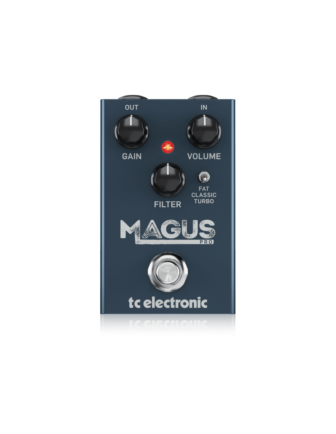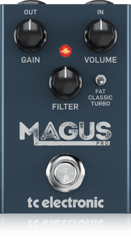 TC ELECTRONIC MAGUS PRO. Analog distortor pedal for guitar. Technical features include Gain, Volume and Filter controls to control the effect level, 3-way switch (Fat, Classic, Turbo) for 3 different clipping modes. It works with a 9v battery or power adapter (not included). True Bypass.
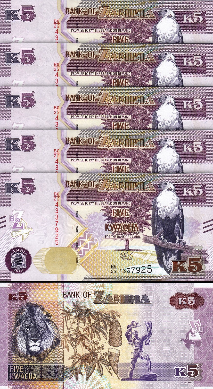 ZAMBIA 5 KWACHA 2022, P-57 New Date
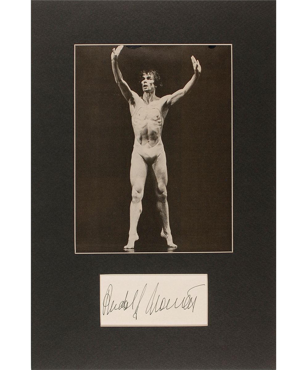 Felt tip signature, “Rudolf Nureyev,” on an off-white card. Matted with a photo of Nureyev performing to an overall size of 11 x 16.5. In fine condition.
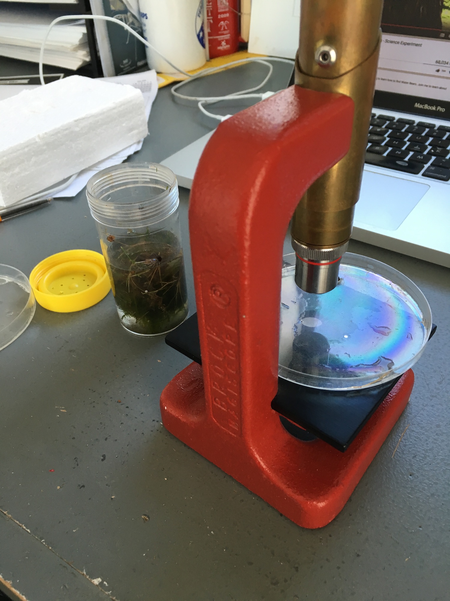I peered down the microscope until my eyes crossed. I squeezed out more water from my moss.
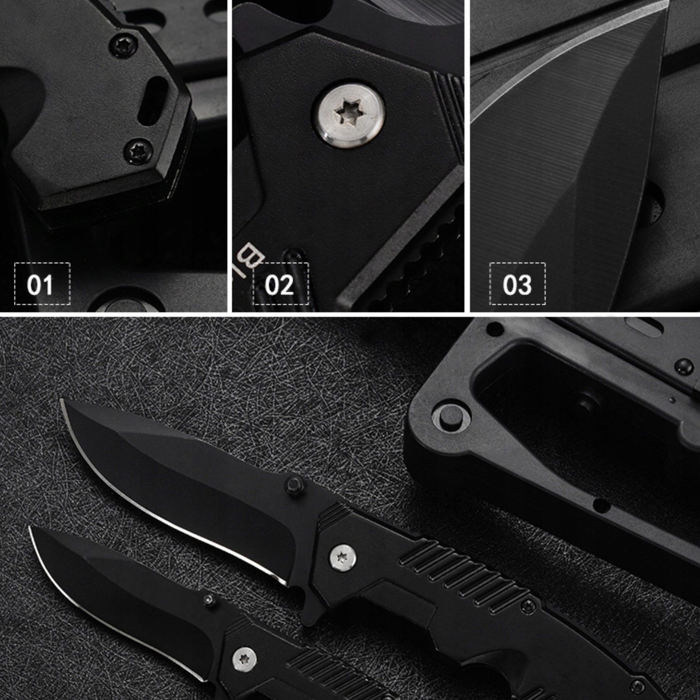 - Наш продукт изготовлен из высококачественной нержавеющей стали 304L, устойчивой к ржавчине, коррозии и износу. Он также имеет титановое покрытие, придающее блеск и защиту. Лезвие складного ножа имеет длину 8,5 см и толщину 2,8 мм, что обеспечивает длительную остроту и долговечность.
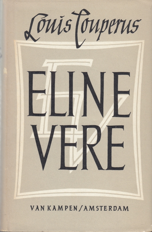 11. COUPERUS, Louis Eline Vere. Een Haagse Roman. Amsterdam, Van Kampen, [1956]. Linnen met stofomslag. 580 p. 11e druk. Schier onvindbaar: een druk uit de jaren vijftig, maar met verfijnd, sierlijk stofomslag. Aan de randen wat onvermijdelijke kreukjes; schaafplekje bij de rug, scheurtje in achterkant.
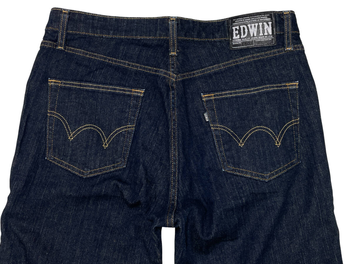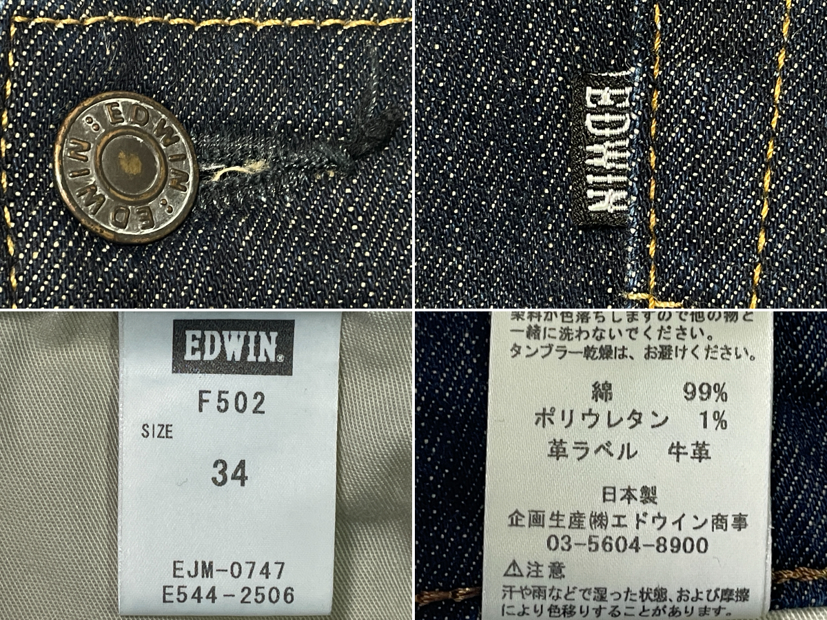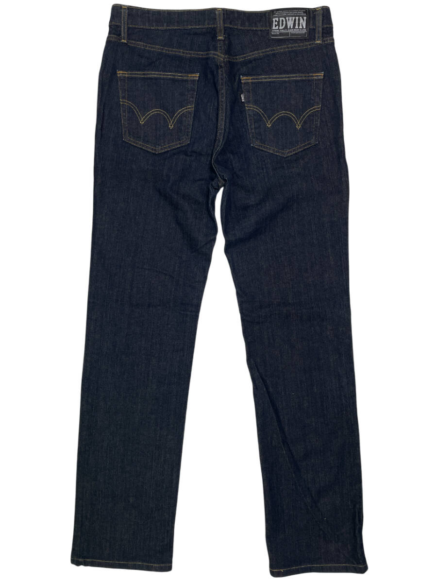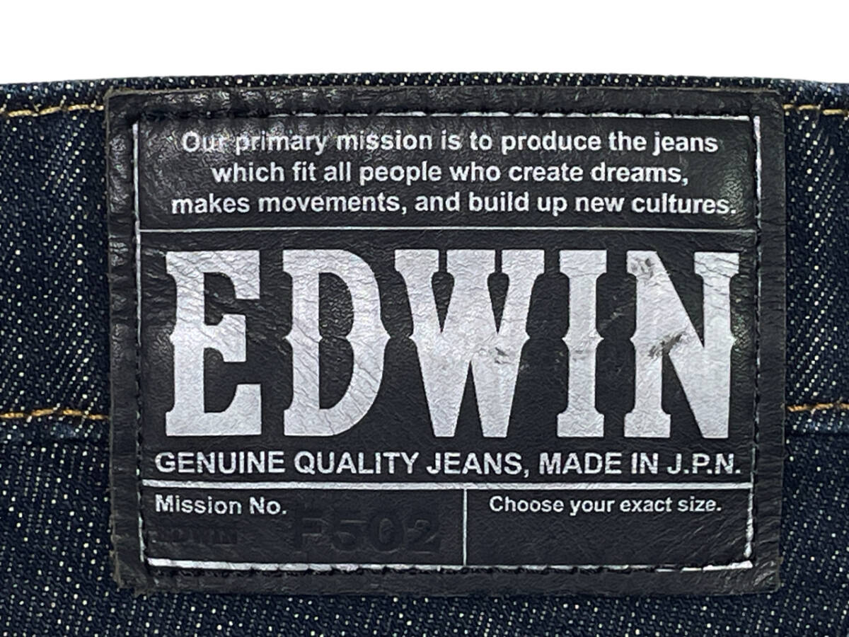 ブランド:EDWIN 型 番 :F502 カラー :インディゴ 状 態 :USED エドウィン F502 テーパード デニムパンツ です。 ゆったりとした腰回りに、太ももから足首へ軽いテーパードが掛かったキレイなシルエットのパンツです。 ストレッチが効いて履きやすいデニムです。 状態が良く色残りも良い、これから長く付き合える品です。お探しの方お勧めの1本です。 ■サイズ:製品表記 W34 ■サイズ:実寸(平置き) ウエスト 44.0cm (×2=約88cm) 股下 81.5cm 股上 29.0cm ワタリ 29.5cm すそ幅 21.0cm | ||
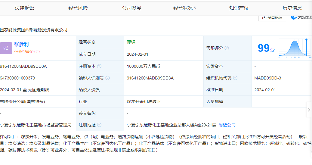 近日,國家能源集團(tuán)西部能源投資有限公司注冊成立,位于寧夏回族自治區(qū)銀川市,法定代表人為張勝利,注冊資本100億人民幣。
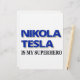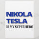 Nikola Tesla är min superhjälte. Textgrafik i svart och blå med vit blixt.
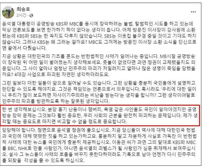 이곳에서 도배질하는 개딸류는 몰라도 상식과 이성적인 정상 사람이면 방송장악이라고 하는데 방송 3사 사장들이 정권이 방송장악 한다고 당하면 그만 둬야지 맞아 틀려? 최승호처럼 MBC사장들은 당시 무능 문재인정권이 정권이 방송장악했다는거 스스로 자백하는거야? 이런 ㅂㅅ들이 언론인 행세하네그려
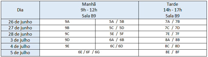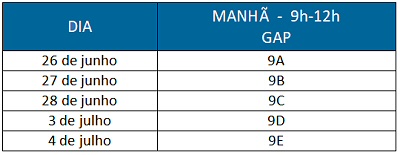 9.00 às 11.45. Nestes dias ocorrerá a divulgação e participação

§ WHAT IS REQUIRED:
Write everything in the records out exactly, apart from the pictures.

§ ANSWER AREA:
 TC ELECTRONIC MAGUS PRO. Analog distortor pedal for guitar. Technical features include Gain, Volume and Filter controls to control the effect level, 3-way switch (Fat, Classic, Turbo) for 3 different clipping modes. It works with a 9v battery or power adapter (not included). True Bypass.
 ZAMBIA 5 KWACHA 2022, P-57 New Date
 Felt tip signature, “Rudolf Nureyev,” on an off-white card. Matted with a photo of Nureyev performing to an overall size of 11 x 16.5. In fine condition.
I peered down the microscope until my eyes crossed. I squeezed out more water from my moss.
 - Наш продукт изготовлен из высококачественной нержавеющей стали 304L, устойчивой к ржавчине, коррозии и износу. Он также имеет титановое покрытие, придающее блеск и защиту. Лезвие складного ножа имеет длину 8,5 см и толщину 2,8 мм, что обеспечивает длительную остроту и долговечность.
 11. COUPERUS, Louis Eline Vere. Een Haagse Roman. Amsterdam, Van Kampen, [1956]. Linnen met stofomslag. 580 p. 11e druk. Schier onvindbaar: een druk uit de jaren vijftig, maar met verfijnd, sierlijk stofomslag. Aan de randen wat onvermijdelijke kreukjes; schaafplekje bij de rug, scheurtje in achterkant.
 ブランド:EDWIN 型 番 :F502 カラー :インディゴ 状 態 :USED エドウィン F502 テーパード デニムパンツ です。 ゆったりとした腰回りに、太ももから足首へ軽いテーパードが掛かったキレイなシルエットのパンツです。 ストレッチが効いて履きやすいデニムです。 状態が良く色残りも良い、これから長く付き合える品です。お探しの方お勧めの1本です。 ■サイズ:製品表記 W34 ■サイズ:実寸(平置き) ウエスト 44.0cm (×2=約88cm) 股下 81.5cm 股上 29.0cm ワタリ 29.5cm すそ幅 21.0cm | ||
 近日,國家能源集團(tuán)西部能源投資有限公司注冊成立,位于寧夏回族自治區(qū)銀川市,法定代表人為張勝利,注冊資本100億人民幣。
 Nikola Tesla är min superhjälte. Textgrafik i svart och blå med vit blixt.
 이곳에서 도배질하는 개딸류는 몰라도 상식과 이성적인 정상 사람이면 방송장악이라고 하는데 방송 3사 사장들이 정권이 방송장악 한다고 당하면 그만 둬야지 맞아 틀려? 최승호처럼 MBC사장들은 당시 무능 문재인정권이 정권이 방송장악했다는거 스스로 자백하는거야? 이런 ㅂㅅ들이 언론인 행세하네그려
 9.00 às 11.45. Nestes dias ocorrerá a divulgação e participação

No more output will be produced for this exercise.